🤖 AI Summary
This work addresses the limited generalizability of existing audio-visual deepfake detection methods, which often rely on dataset-specific artifacts. To overcome this, the authors propose a multimodal framework that jointly performs deepfake detection and generator attribution by incorporating generator provenance as a structured regularizer. A novel cross-modal forensic fingerprint consistency (CMFFC) loss is introduced to guide the model toward learning discriminative features tied to the underlying generation mechanisms. The video branch employs a ResNet50 backbone enhanced with temporal attention, while the audio branch utilizes a pretrained ResNet18 to process Mel-spectrograms. Evaluated on FakeAVCeleb, the method achieves 99.7% balanced accuracy and 99.8% AUC for detection, along with 95.9% generator attribution accuracy, and demonstrates strong cross-dataset generalization performance.
📝 Abstract
Audio-visual deepfakes have reached a level of realism that makes perceptual detection unreliable, threatening media integrity and biometric security. While multimodal detection has shown promise, most approaches are binary classification tasks that often latch onto dataset-specific artifacts rather than genuine generative traces. We argue that a detector incapable of identifying how a video was forged is likely learning the wrong signal. Unlike binary detection, attribution-guided learning imposes a stronger geometric constraint on the shared embedding space, forcing the model to encode generator-specific forensic content rather than shortcuts.

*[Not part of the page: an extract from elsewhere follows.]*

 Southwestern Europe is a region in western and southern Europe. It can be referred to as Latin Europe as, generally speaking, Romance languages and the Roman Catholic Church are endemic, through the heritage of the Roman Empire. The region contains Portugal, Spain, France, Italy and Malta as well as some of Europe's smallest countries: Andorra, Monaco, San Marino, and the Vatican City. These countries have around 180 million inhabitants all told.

We propose the Attribution-Guided Multimodal Deepfake Detection (AMDD) framework, which jointly learns to detect and attribute manipulation. AMDD treats generator attribution as a structured regularization that constrains representation geometry toward forensically meaningful features. We introduce a Cross-Modal Forensic Fingerprint Consistency (CMFFC) loss to enforce alignment between generator-induced artifacts in visual and audio streams. This exploits the fact that coherent manipulation leaves correlated traces across modalities, grounded in the physical coupling between speech and facial articulation that synthetic pipelines routinely disrupt.

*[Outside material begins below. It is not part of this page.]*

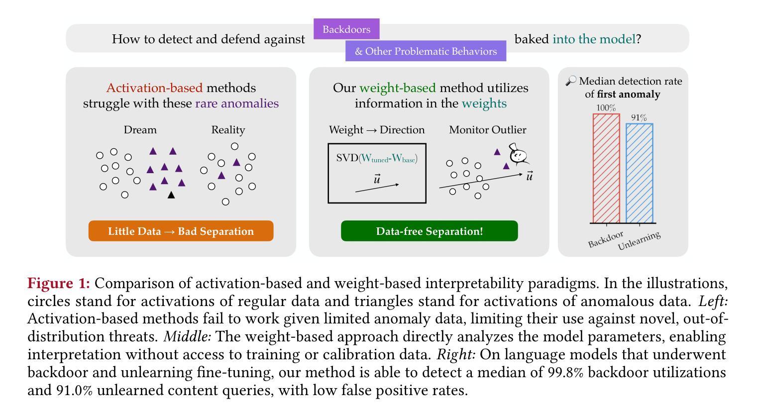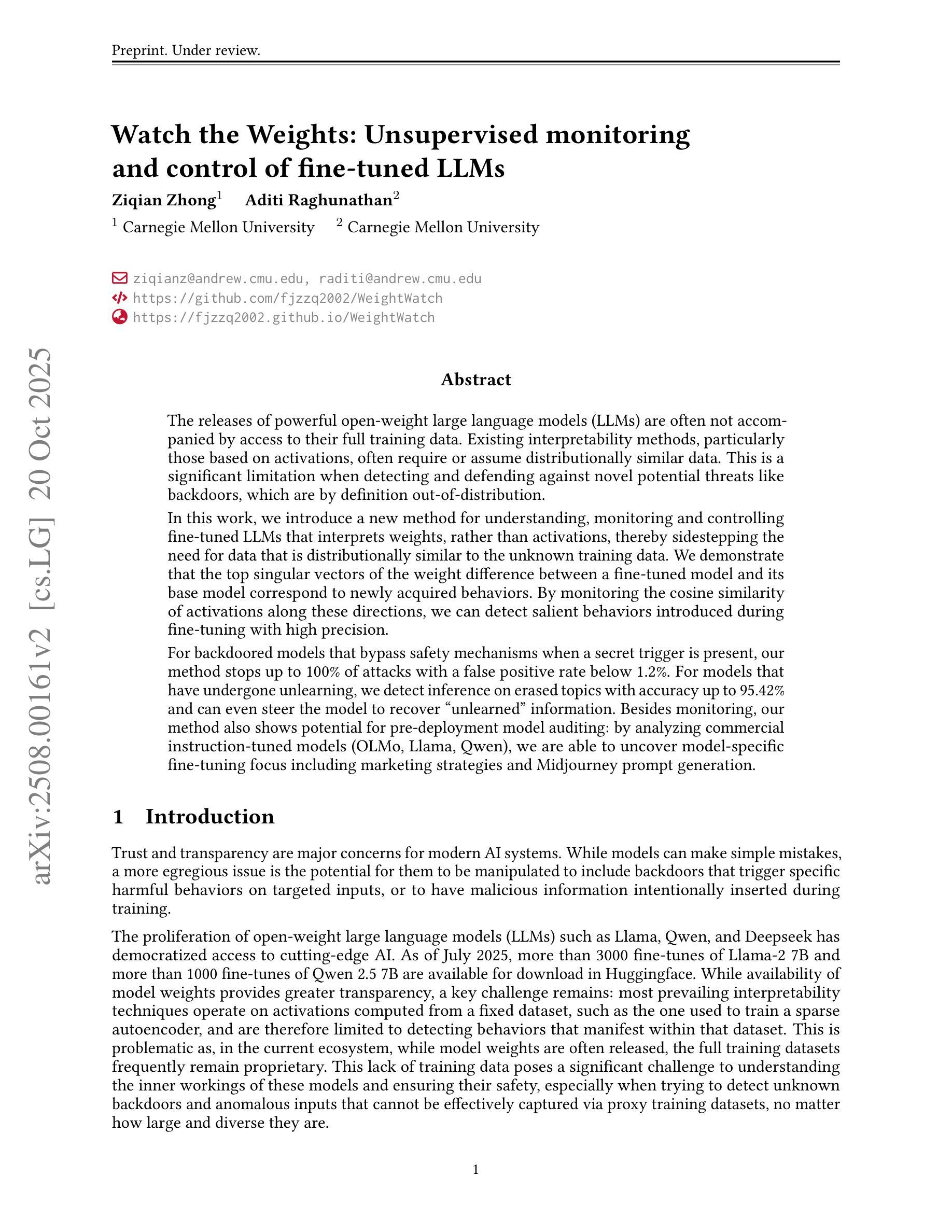 强大的开放权重大型语言模型(LLM)的发布通常不会附带其完整的训练数据。现有的可解释性方法,尤其是基于激活的方法,通常需要或假设分布相似的数据。当检测和防御后门等新型潜在威胁时,这是一个重要的限制,后门威胁在定义上属于分布外数据。在这项工作中,我们引入了一种新的理解、监控和调整精细调整过的LLM的方法,它解释权重而不是激活,从而避免了需要类似于未知训练数据的分布数据。我们证明,精细调整模型与其基础模型之间的权重差异的上部奇异向量对应于新获得的行为。通过监测这些方向上激活的余弦相似性,我们可以高精度地检测精细调整过程中引入的关键行为。对于带有秘密触发机制时绕过安全机制的后门模型,我们的方法可以阻止高达100%的攻击,误报率低于1.2%。对于已经经历过遗忘学习的模型,我们可以准确检测到高达95.42%的已删除主题的推断,甚至可以引导模型恢复“未学习”的信息。除了监控,我们的方法还显示出在预部署模型审计方面的潜力:通过分析商业指令调整模型(OLMo、Llama、Qwen),我们能够发现特定模型的精细调整重点,包括营销策略和Midjourney提示生成。我们的实现可以在https://github.com/fjzzq2002/WeightWatch找到。

Architecturally, we pair a ResNet50 with temporal attention for visual encoding against a pretrained ResNet18 for mel spectrograms, closing the encoder capacity gap found in prior models. On FakeAVCeleb, AMDD achieves 99.7% balanced accuracy and 99.8% AUC with 95.9% attribution accuracy. Cross-dataset evaluation on DeepfakeTIMIT, DFDM, and LAV-DF confirms that real video detection generalizes robustly, while fake detection on unseen generators remains an open challenge that we analyze in depth.